5:00 Morning glories, wild roses

6:00 Spotted cat's ear, catmint

7:00 African marigold, orange hawkweed, dandelions

8:00 Mouse-ear hawkweed, African daisies

9:00 Field marigold, gentians

10:00 Helichrysum, Californium poppy

11:00 Star of Bethlehem

12:00 Passion flower, goatsbeard


16:00 'Four o'clock' plant opens

18:00 Evening primrose, moonflower

21:00 Flowering tobacco

22:00 Night blooming cereus

Some common plants that can be used to make a functional, though not precise, flower clock include morning glories and wild roses that open just after dawn. These are followed by dandelions, gentians and California poppies which open near noon.
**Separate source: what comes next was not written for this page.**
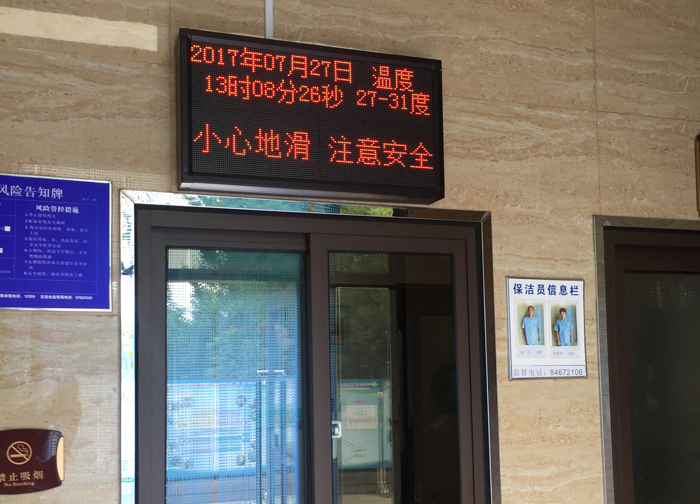 公廁加裝LED顯示屏,屏幕顯示日期、時(shí)間、溫度,并滾動(dòng)播放文明標(biāo)語及溫馨提示,引導(dǎo)市民文明如廁,為市民提供便利。

In the afternoon the morning glories close and then later the four o'clocks open, followed by evening primroses and moonflowers. In making a garden flower clock, you should know when each type of flower closes as that can also be a way of telling time.

Serious gardeners will grow plants that bloom at a wide range of times during the growing season. The flowering of daffodils in spring, day-flowers in summer and chrysanthemums in fall are all set by the plants’ responses to changes in the length of day. Even varieties of plants within the same species have been developed that will flower at different times of the year as well. A goal of a good gardener and landscaper is to have a constant series of blooms throughout the growing season, a constant stream of color from plants - a kind of seasonal clock. And all of this is possible due to the complex biological clocks in plants that allow them to read the sky and bloom when the time is right. Plants have evolved to be closely in tune with the natural astronomical cycles that are such a fundamental part of our environment - and we couldn’t exist without them.